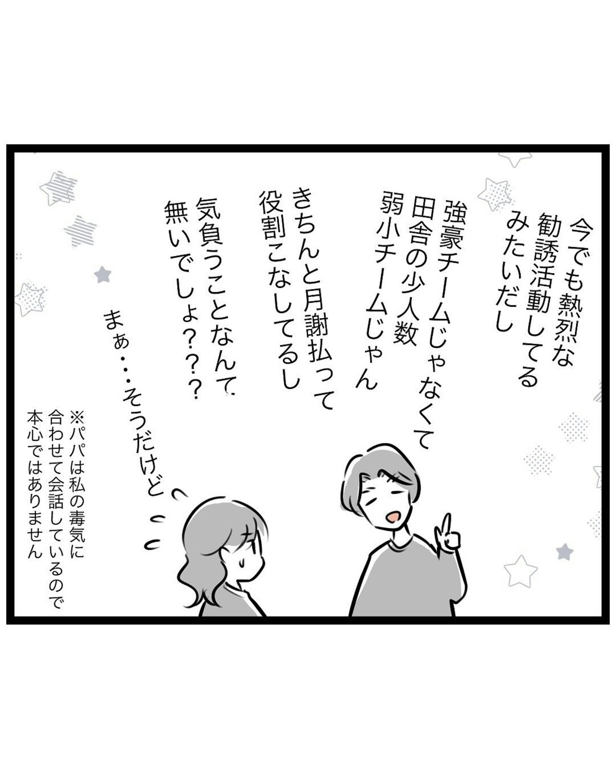 スポ少保護者から仲間はずれにされ、ついに限界を迎えたもっつんさんは「もう辞めさせたい」と夫に本音をこぼしました。これまでもっつんさんが背負ってきた苦労を知った夫は「どうにかする」と寄り添いますが…。
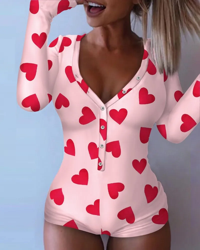 Женский комбинезон с принтом, повседневный комбинезон для взрослых с длинным рукавом и застежкой на пуговицах, сексуальный комбинезон с глубоким V-образным вырезом, 2021
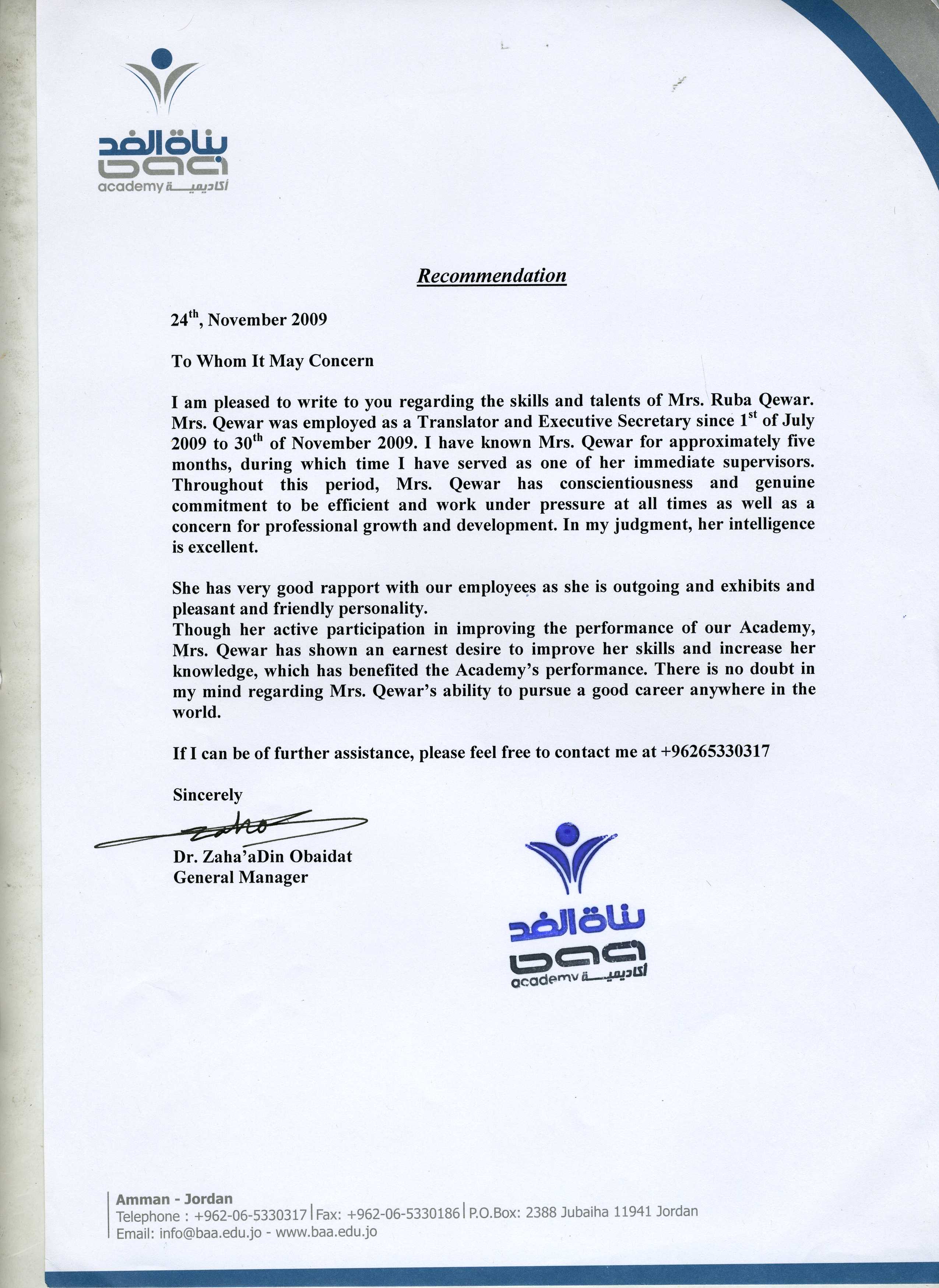 Read MoreI am pleased to wrote to you regarding the skills and talents of Mrs. Ruba Qewar. Mrs. Qewar was employed as a Translator and Executive Secretary since 1st of July 2009 to...

_Exercise prompt_
Your task is to copy exactly the lines from the line containing "Женский комбинезон с" through the final line of the listing above and to omit every picture.

_Solution to the problem_
 Женский комбинезон с принтом, повседневный комбинезон для взрослых с длинным рукавом и застежкой на пуговицах, сексуальный комбинезон с глубоким V-образным вырезом, 2021
 Read MoreI am pleased to wrote to you regarding the skills and talents of Mrs. Ruba Qewar. Mrs. Qewar was employed as a Translator and Executive Secretary since 1st of July 2009 to...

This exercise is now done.